The book is without question a biography, but the author did a great job of providing a tremendous amount of back-story for the topics at hand. In fact, throughout the book, snippets of Chinese military and literary history are included showing the link between China’s past and what the filmmakers had intended to capture on-screen. Undoubtedly, Fu Sheng is the star of this story and Brady carefully retraces his steps from film extra to superstar. And along the way, he was surrounded by cinema greats who became mentors, friends and mourners. Their stories and their relationships with Fu Sheng show the very personal side to the individuals who helped create the films that I and scores of others have come to cherish dearly.
His widow Jenny is also a central part of the story and I firmly believe Brady lays to rest any rumors that have persisted about their lives together up until the time of Fu Sheng’s death. And following his demise, Jenny has a surprise of her own which I had never known of. Her revelation, whether it is true or not, adds to the tragedy of his life. But what is evidently clear, is the love they had for each other, which the late Chang Cheh (1923-2002) showcased in his most eccentric film Heaven & Hell (1980). The film has been written off as Cheh’s most bizarre work but personally, I found it to be highly entertaining. In the film, the couple performs a duet that complements the prior act perfectly. But there was more to their singing partnership than many might have known or remember. Brady covers that as well here and his research provides a steady stream of incredible information about the couple during their several year courtship and subsequent marriage. Of note, Tseng never remarried after Fu Sheng’s death.

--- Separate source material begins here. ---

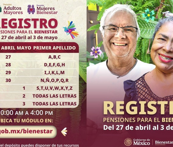 La enlace de Comunicación, Ximena Chávez, informó que del 27 de abril al 3 de mayo se llevará a cabo el periodo de registro para las Pensiones del Bienestar de Adultos Mayores y Mujeres Bienestar.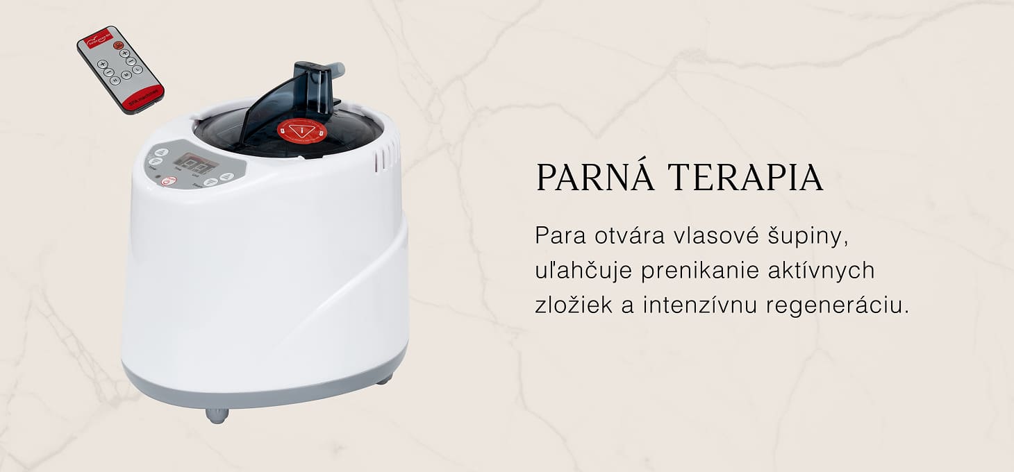 Súprava obsahuje špecializované zariadenie na generovanie pary a špeciálny kryt umývadla , ktorý umožňuje presné ošetrenie. Táto moderná metóda starostlivosti využíva vlastnosti pary na intenzívnu regeneráciu a hydratáciu vlasov. Vďaka tomu aktívne zložky obsiahnuté v maskách, ampulkách a ďalších výrobkoch prenikajú hlbšie, čím podporujú obnovu a posilnenie vlasov. Parná terapia zlepšuje štruktúru vlasov, zvyšuje odolnosť voči poškodeniu a obnovuje zdravý lesk, vďaka čomu sú vlasy jemné, pružné a plné života.

Fans of the Shaw Brothers will absolutely love this book. It is an insider’s look into how the studio created its hit films and a good reference guide for a quick background information on some of the biggest names to work there. In this story, nearly all of the legends make an appearance including Ti Lung, David Chiang and the late Lau Kar Leung (1934-2013). A who’s who of stars is put on display and as I read the book, I could feel the Shaw Brothers studio come back to life again during what could only be described as a classic era in the Hong Kong film industry. In fact, this book has encouraged me to revisit the Shaw classics, some of which I haven’t watched in nearly two years I still have my entire collection which started in 1995 when my father took me up to 42nd Street. There, I purchased my own VHS English dubbed copy of the Five Masters of Death. The original Hong Kong title is The Five Shaolin Masters. Fu Sheng had a starring role in the film and it was in this movie that I first became a fan. It is just one of many great masterpieces he contributed to during his storied career.
This book truly is a blessing and I am forever grateful for Brady’s monumental effort. Fu Sheng is long gone, having died nearly thirty-six years ago, but his memory and legacy live on not only in Hong Kong but across the world. During his time at the Shaw Brothers studio, he rightfully earned the nickname of the Chinatown Kid.